▶ **EXERCISE DESCRIPTION**
Each line of the records that follow must come back exactly, with pictures skipped.

+++

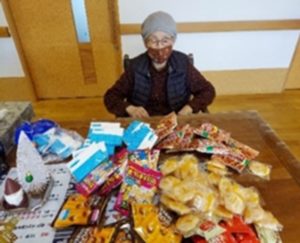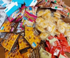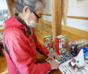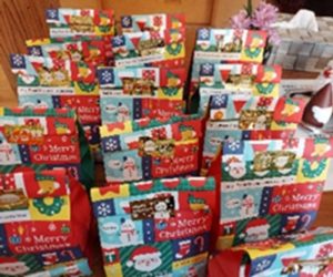 子供達へのプレゼント用にお菓子袋作りをしていました。
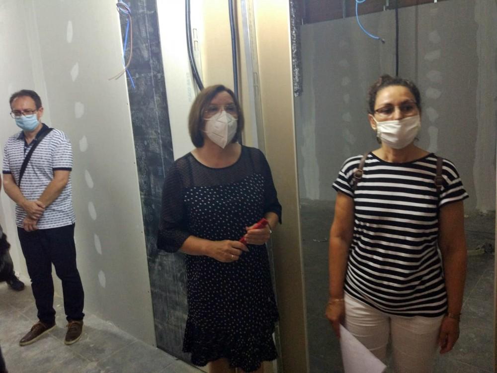 L'alcaldessa, Xaro Miralles, acompanyada del regidor d'Urbanisme, Román Sánchez, ha visitat avui les obres d'adequació d’este local municipal, on s'estan adequant tres noves aules per a la Universitat Popular (UP) per als cursos de Dibuix i Pintura i Restauració de Mobles, i un espai per a l'Associació Betlemística del Baix Maestrat.
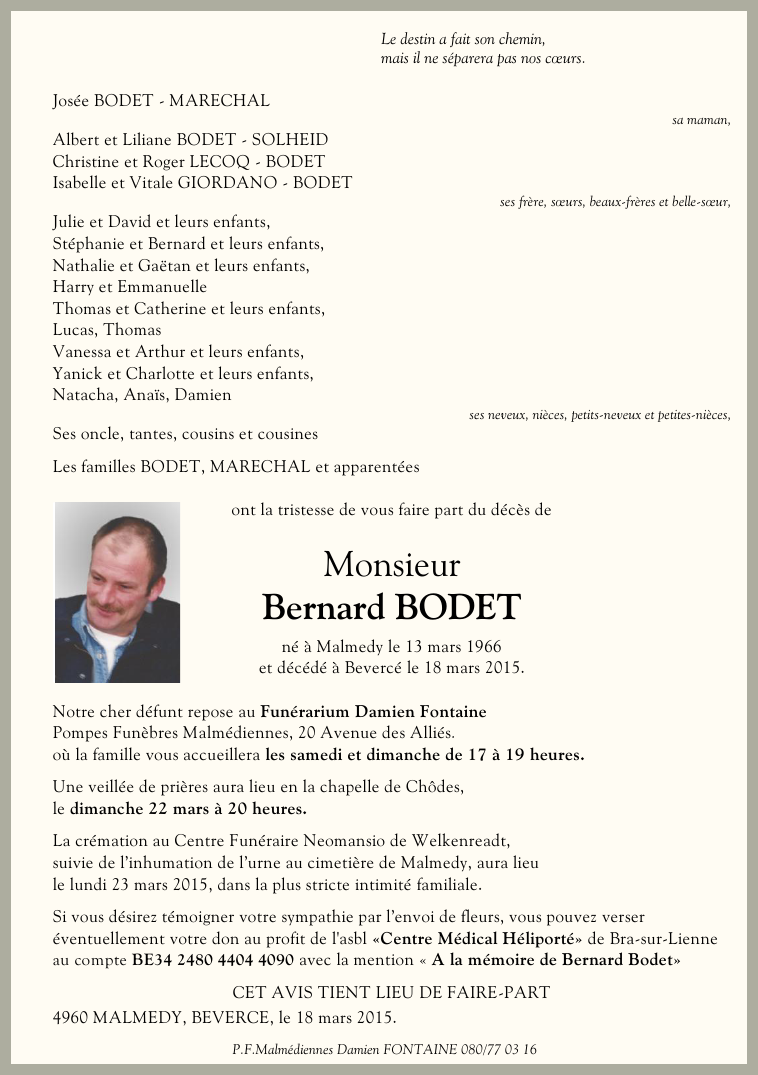 Décédé à Bevercé (4960) le mercredi 18 mars 2015 à l'âge de 49 ans
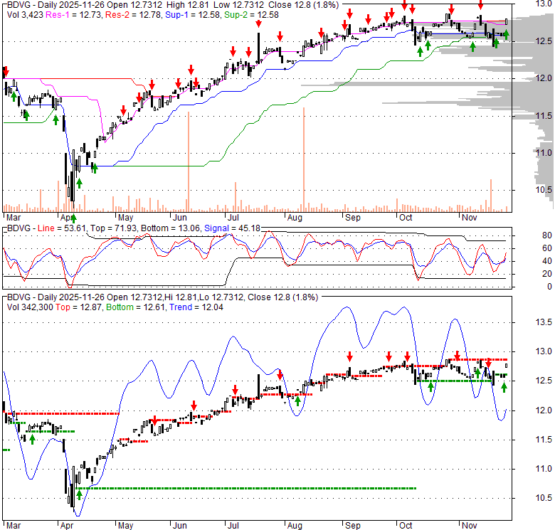 Price has closed above its short-term moving average. Short-term moving average is currently below mid-term; and above long-term moving average. From the relationship between price and moving averages: This stock is NEUTRAL in short-term; and NEUTRAL in mid-long term.[ BDVG ] has closed below upper band by 10.6%. Bollinger Bands are 28.7% wider than normal. The current width of the bands does not suggest anything about the future direction or movement of prices.
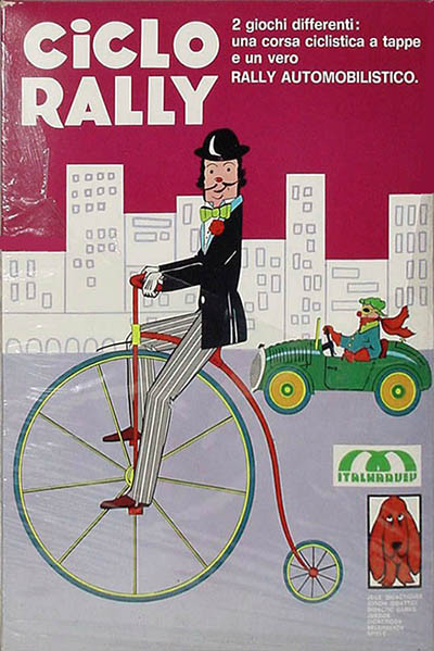 UPDATE July 2024: There is another version of this game, made by Italharvey. As far as I know, the contents of both boxes are almost identical, with the same board, the same metal riders (albeit in different colours), and the same metal cars. I wouldn't be able to tell which came first or why the Italharvey box has a vintage bicycle (and a vintage car) pictured on the box.
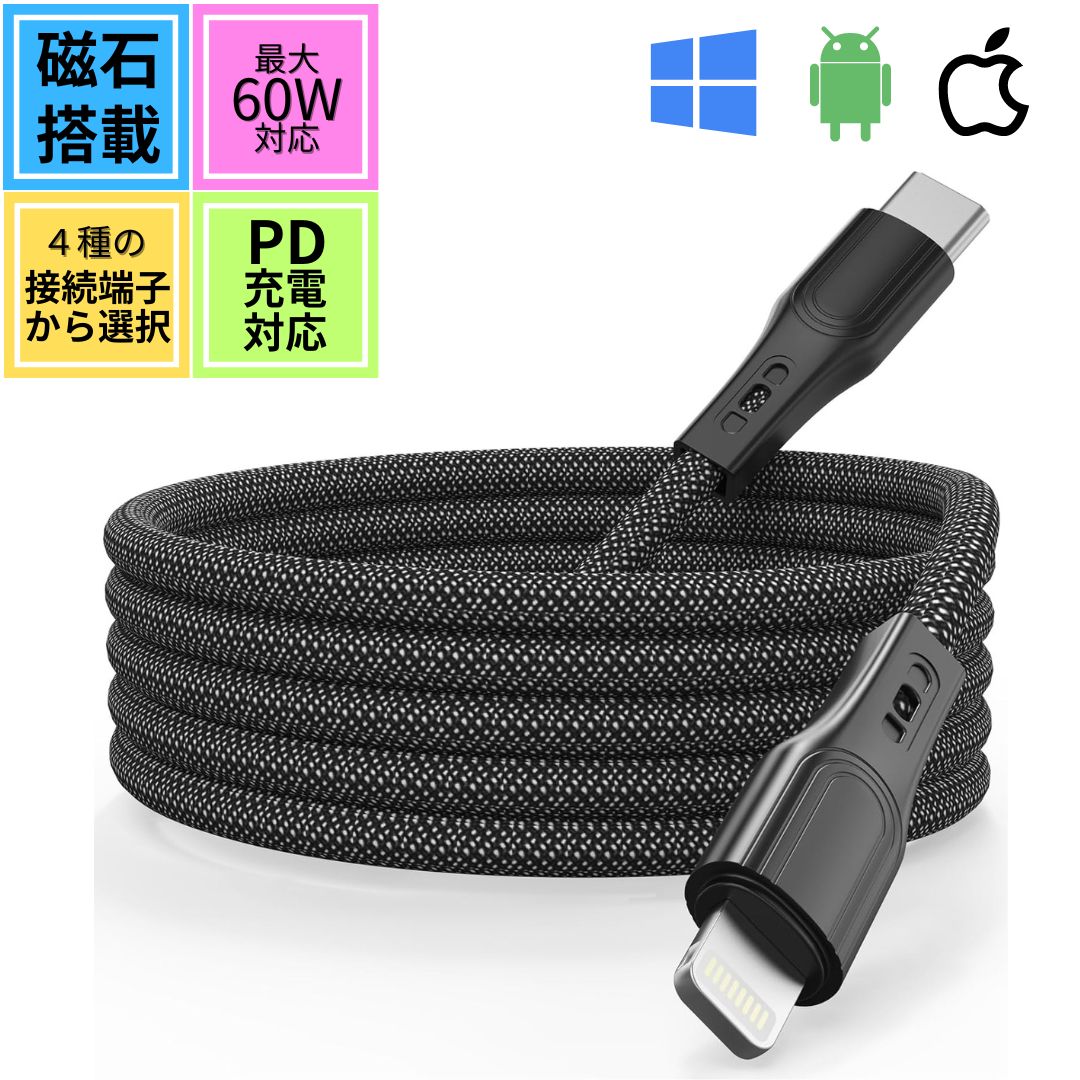 充電ケーブル マグネット ライトニング type-C USB-A 磁力吸引自動収納 1m
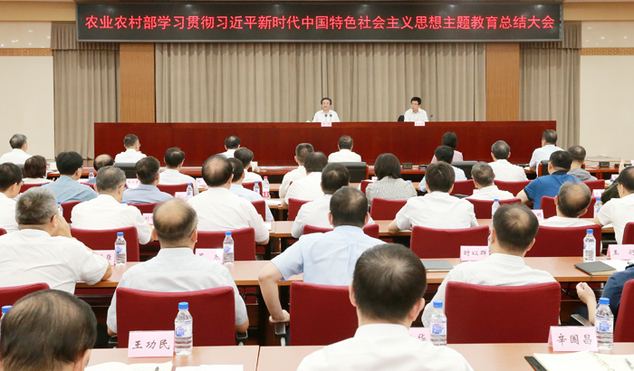 網訊 9月8日,農業農村部召開學習貫徹習近平新時代中國特色社會主義思想主題教育總結大會,深入學習貫徹習近平總書記重要指示精神,落實中央主題教育第一批總結暨第二批部署會議要求,總結部系統主題教育工作,對鞏固拓展主題教育成果作出安排。受農業農村部黨組書記、部長、部主題教育領導小組組長唐仁健委托,部黨組成員、副部長、部主題教育領導小組副組長鄧小剛主持會議并講話。中央第三十五指導組副組長楊建平到會指導并講話。會議強調,部系統各級黨組織要以這次主題教育總結為新的起點,常抓不懈、久久為功,不斷鞏固拓展主題教育成果,全面強化黨的建設,為做好新時代新征程三農工作提供堅強政治保證。
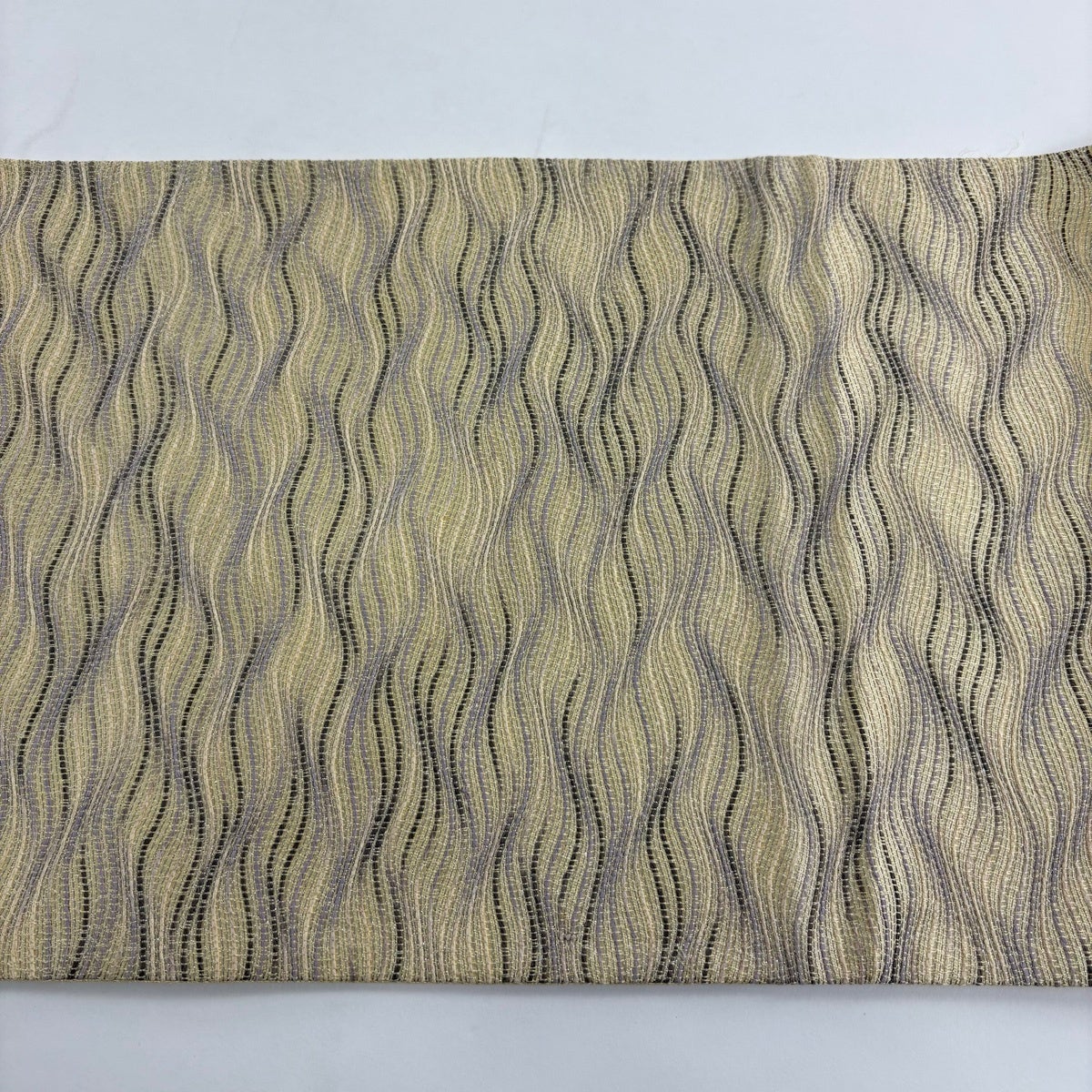 【美品】 袋帯 秀品 縞 薄黄土色 全通 正絹
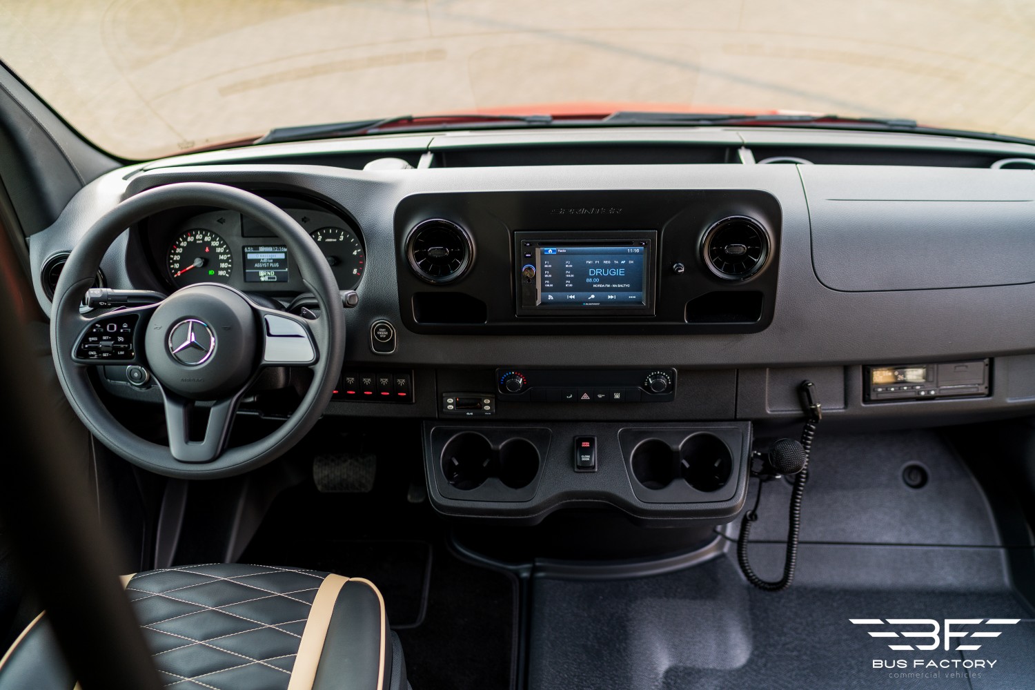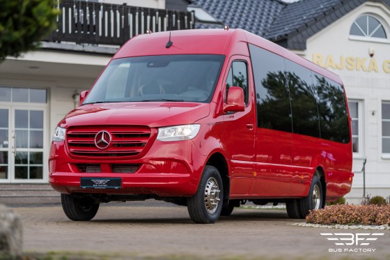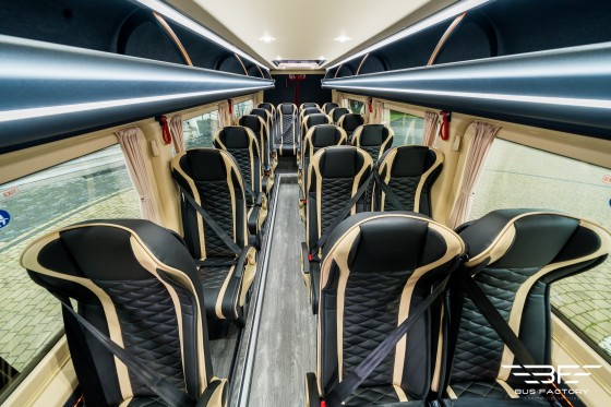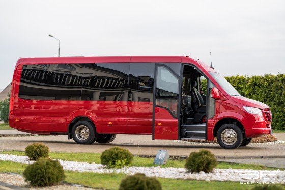 Mercedes-Benz Sprinter 519 XXL w wersji „Tourist Line” w układzie siedzeń 20+1 z dużym bagażnikiem. Bogate wyposażenie wnętrza, nowoczesne rozwiązania oraz atestowane systemy gwarantują Państwa Klientom bezpieczną i komfortową podróż.
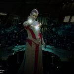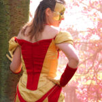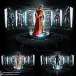 De Mark 42 jurk is gebaseerd op zijn 42e ‘Iron Man suit’, één die de hoofdrol speelt in Iron Man III. Op speelse wijze hebben we geprobeerd de satijnen jurk door het gebruik van dezelfde kleuren en vlakverdeling hierop te laten lijken. Het lijnenwerk, dat benadrukt wordt door piping, is een knipoog naar dat op het harnas, dat de mannelijke vorm naar voren brengt; hier onderstreept het juist de vrouwelijke vorm. Borst en schouders zijn bedekt met gevouwen stof, wat diepte geeft maar wel strak blijft. Op het midden van de borst is een cirkel genaaid die uit een sandwich bestaat van satijn, iriserende stof en kant. Deze stelt de ‘arc reactor’ voor, een sterke energiebron die Tony heeft gebouwd, op basis van nucleaire energie.
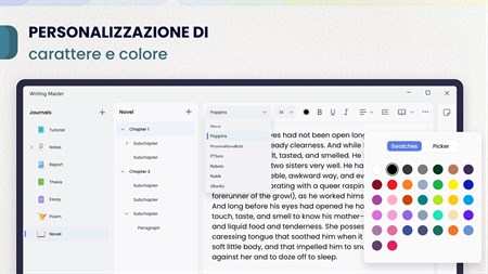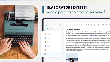 EDITOR DI TESTI FUNZIONALE > Correttore ortografico; > Contatore di parole e caratteri; > Set di caratteri; > Aggiunta di immagini; > Esporta in formato PDF, Docx, TXT, MD e PNG.
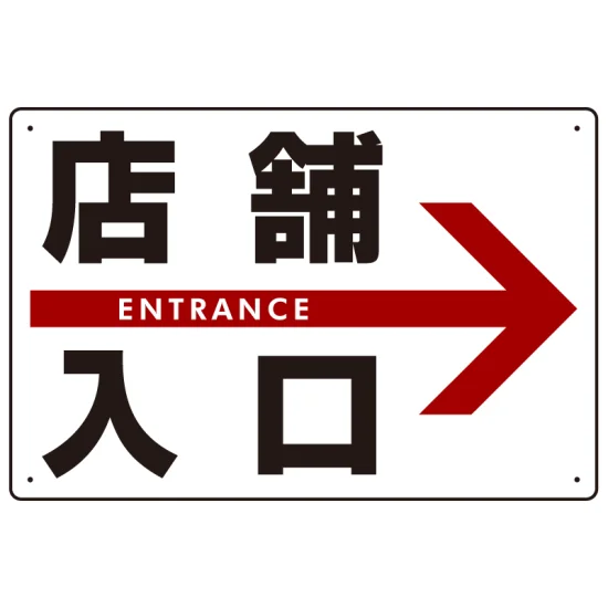 - 店舗の入口へ誘導する表示プレート。目立つ場所に表示すれば「あれ?入口どっちだっけ?」などとお客様が戸惑うこともありません。
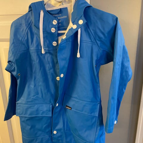 Selger en flott marineblå pyttpytt regnjakke med knapper størrelse seks år. Ikke mye brukt. Fine detaljer med knapper. Veldig mye bruk igjen.
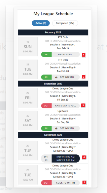 2. Indicates that opt in is locked and the player is in. Only a league manager can opt a player out after the game day opt in is locked.

+++

▶ **SOLUTION BELOW**
 子供達へのプレゼント用にお菓子袋作りをしていました。
 L'alcaldessa, Xaro Miralles, acompanyada del regidor d'Urbanisme, Román Sánchez, ha visitat avui les obres d'adequació d’este local municipal, on s'estan adequant tres noves aules per a la Universitat Popular (UP) per als cursos de Dibuix i Pintura i Restauració de Mobles, i un espai per a l'Associació Betlemística del Baix Maestrat.
 Décédé à Bevercé (4960) le mercredi 18 mars 2015 à l'âge de 49 ans
 Price has closed above its short-term moving average. Short-term moving average is currently below mid-term; and above long-term moving average. From the relationship between price and moving averages: This stock is NEUTRAL in short-term; and NEUTRAL in mid-long term.[ BDVG ] has closed below upper band by 10.6%. Bollinger Bands are 28.7% wider than normal. The current width of the bands does not suggest anything about the future direction or movement of prices.
 UPDATE July 2024: There is another version of this game, made by Italharvey. As far as I know, the contents of both boxes are almost identical, with the same board, the same metal riders (albeit in different colours), and the same metal cars. I wouldn't be able to tell which came first or why the Italharvey box has a vintage bicycle (and a vintage car) pictured on the box.
 充電ケーブル マグネット ライトニング type-C USB-A 磁力吸引自動収納 1m
 網訊 9月8日,農業農村部召開學習貫徹習近平新時代中國特色社會主義思想主題教育總結大會,深入學習貫徹習近平總書記重要指示精神,落實中央主題教育第一批總結暨第二批部署會議要求,總結部系統主題教育工作,對鞏固拓展主題教育成果作出安排。受農業農村部黨組書記、部長、部主題教育領導小組組長唐仁健委托,部黨組成員、副部長、部主題教育領導小組副組長鄧小剛主持會議并講話。中央第三十五指導組副組長楊建平到會指導并講話。會議強調,部系統各級黨組織要以這次主題教育總結為新的起點,常抓不懈、久久為功,不斷鞏固拓展主題教育成果,全面強化黨的建設,為做好新時代新征程三農工作提供堅強政治保證。
 【美品】 袋帯 秀品 縞 薄黄土色 全通 正絹
 Mercedes-Benz Sprinter 519 XXL w wersji „Tourist Line” w układzie siedzeń 20+1 z dużym bagażnikiem. Bogate wyposażenie wnętrza, nowoczesne rozwiązania oraz atestowane systemy gwarantują Państwa Klientom bezpieczną i komfortową podróż.
 De Mark 42 jurk is gebaseerd op zijn 42e ‘Iron Man suit’, één die de hoofdrol speelt in Iron Man III. Op speelse wijze hebben we geprobeerd de satijnen jurk door het gebruik van dezelfde kleuren en vlakverdeling hierop te laten lijken. Het lijnenwerk, dat benadrukt wordt door piping, is een knipoog naar dat op het harnas, dat de mannelijke vorm naar voren brengt; hier onderstreept het juist de vrouwelijke vorm. Borst en schouders zijn bedekt met gevouwen stof, wat diepte geeft maar wel strak blijft. Op het midden van de borst is een cirkel genaaid die uit een sandwich bestaat van satijn, iriserende stof en kant. Deze stelt de ‘arc reactor’ voor, een sterke energiebron die Tony heeft gebouwd, op basis van nucleaire energie.
 EDITOR DI TESTI FUNZIONALE > Correttore ortografico; > Contatore di parole e caratteri; > Set di caratteri; > Aggiunta di immagini; > Esporta in formato PDF, Docx, TXT, MD e PNG.
 - 店舗の入口へ誘導する表示プレート。目立つ場所に表示すれば「あれ?入口どっちだっけ?」などとお客様が戸惑うこともありません。
 Selger en flott marineblå pyttpytt regnjakke med knapper størrelse seks år. Ikke mye brukt. Fine detaljer med knapper. Veldig mye bruk igjen.
 2. Indicates that opt in is locked and the player is in. Only a league manager can opt a player out after the game day opt in is locked.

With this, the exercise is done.